Girl, Wash Your Face: Stop Believing the Lies About Who You Are So You Can Become Who You Were Meant to Be
- First edition cover
- Author: Rachel Hollis
- Language: English
- Subject: Self-help book
- Published: February 6, 2018
- Publisher: Thomas Nelson
- Publication place: United States
- Media type: Print, e-book, audiobook
- Pages: 240
- ISBN: 978-1-4002-0166-2 (Hardcover)
- Followed by: Girl, Stop Apologizing

= Girl, Wash Your Face =

2018 book by Rachel Hollis

Girl, Wash Your Face: Stop Believing the Lies About Who You Are So You Can Become Who You Were Meant to Be is a self-help book by American author Rachel Hollis published by Thomas Nelson in 2018.

Girl, Wash Your Face is described by The Washington Post as mixing "memoir, motivational tips, Bible quotations and common-sense girl talk." The prevailing message of her tome is one largely of female self-reliance, best summed up by Hollis in the book as "You, and only you, are ultimately responsible for how happy you are." The book has been wildly successful, described as a "publishing phenomenon" and was the second-most popular book of 2018 on Amazon.com. Girl, Wash Your Face is listed as a New York Times best-seller under the Advice, How-To, & Miscellaneous category.

The book is composed of 20 chapters centered on 20 lies Hollis said she formerly told herself—e.g. "I'll start tomorrow" and "I am defined by my weight"—and she goes on to explain how she successfully tackled each obstacle.

==Reception==
The Gospel Coalition's Alisa Childers said Hollis can "tell a story that will have you crying one minute and shooting Diet Coke out of your nose the next" but ultimately was conflicted with the overall book. While Childers was sympathetic to many of the themes contained in the book, she felt that despite being marketed as a Christian book, its core message of lifting oneself up by their bootstraps as the solution to any problem came in lieu of "surrendering your life to Jesus and placing your trust in him alone." She also acknowledged that the book "exhausted" her. "It's all about what I can be doing better and what I'm not doing good enough," she observed. "How to be better at work, parenting, and writing. How to be less bad at cardio, sex, and you know, changing the world. But knowing the good news of who I am in Christ brings true rest."

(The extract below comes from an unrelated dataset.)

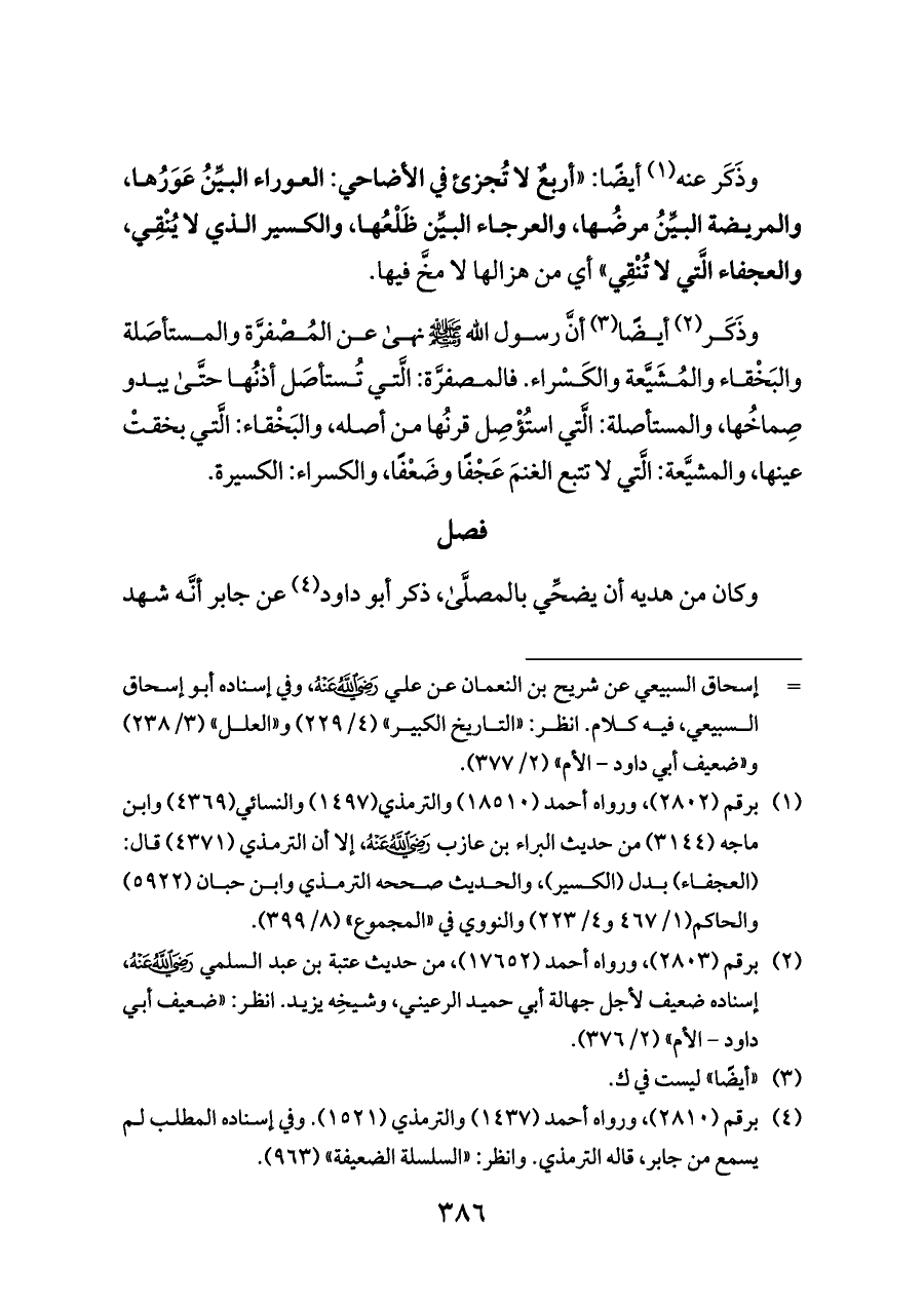 (¬٢) برقم (٢٨٠٢)، ورواه أحمد (١٨٥١٠) والترمذي (١٤٩٧) والنسائي (٤٣٦٩) وابن ماجه (٣١٤٤) من حديث البراء بن عازب- رضي الله عنه - إلا أن الترمذي (٤٣٧١) قال: (العجفاء) بدل (الكسير)، والحديث صححه الترمذي وابن حبان (٥٩٢٢) والحاكم (١/ ٤٦٧ و ٤/ ٢٢٣) والنووي في «المجموع» (٨/ ٣٩٩).

BuzzFeed's Laura Turner was critical of the book's essential message, that "You, and only you, are ultimately responsible for who you become and how happy you are," which she characterized as a "lie." "Her core philosophy itself is emblematic of a huge division in American thought that dominates our national discourse: Are people who have problems responsible for fixing them themselves? Or is there some collective responsibility that we are shirking — does a society owe something to all its members?" Turner noted. "There are dark implications in making everything a matter of personal responsibility, which is Hollis's bias. She asks us to interrogate and deconstruct the lies that we've believed about ourselves, and I wonder how that lens would function if we turn it on the lies she promulgates in Girl, Wash Your Face."